> _DATA SHOWN_
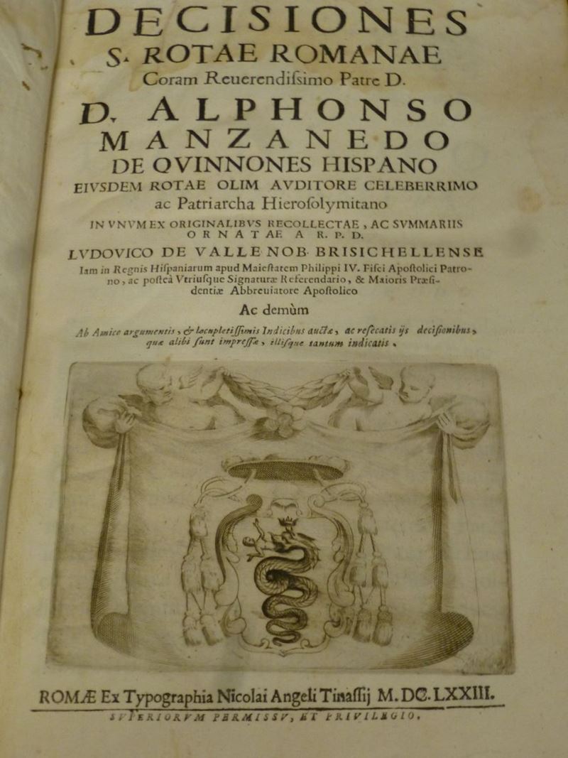 Decisiones s. Rotae romanae. Roma, Nicolai Angeli Tinassi, 1673. Legatura coeva in pergamena rigida. Gore nelle ultime pagine
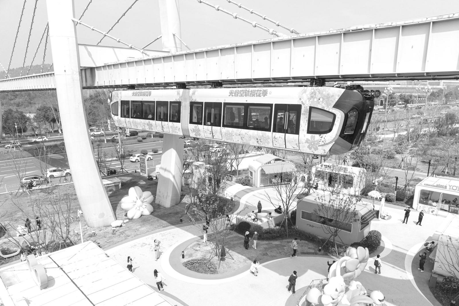 图为3月21日,一列空轨列车在运行中。
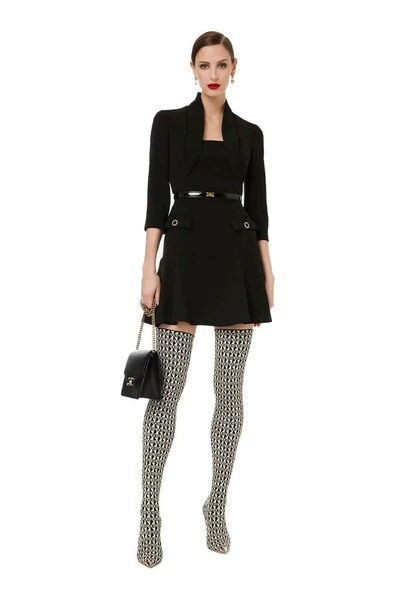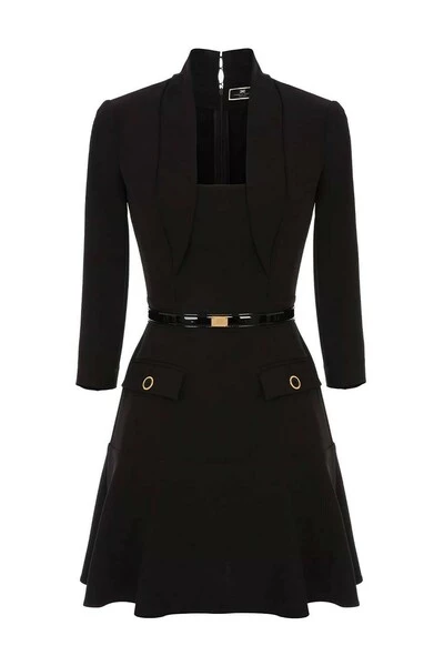 Elisabetta Franchi jurk van zwarte synthetische stof, met een top met bolero-effect en 3/4-mouwen, uitlopende rok met riem met logo in de taille. Patte met knopen aan de voorkant, ritssluiting aan de achterkant.

> _PROBLEM DESCRIPTION_
From the first line to the last, transcribe the listing exactly; skip the pictures.

> _SOLUTION FOR THIS PROBLEM_
 Decisiones s. Rotae romanae. Roma, Nicolai Angeli Tinassi, 1673. Legatura coeva in pergamena rigida. Gore nelle ultime pagine
 图为3月21日,一列空轨列车在运行中。
 Elisabetta Franchi jurk van zwarte synthetische stof, met een top met bolero-effect en 3/4-mouwen, uitlopende rok met riem met logo in de taille. Patte met knopen aan de voorkant, ritssluiting aan de achterkant.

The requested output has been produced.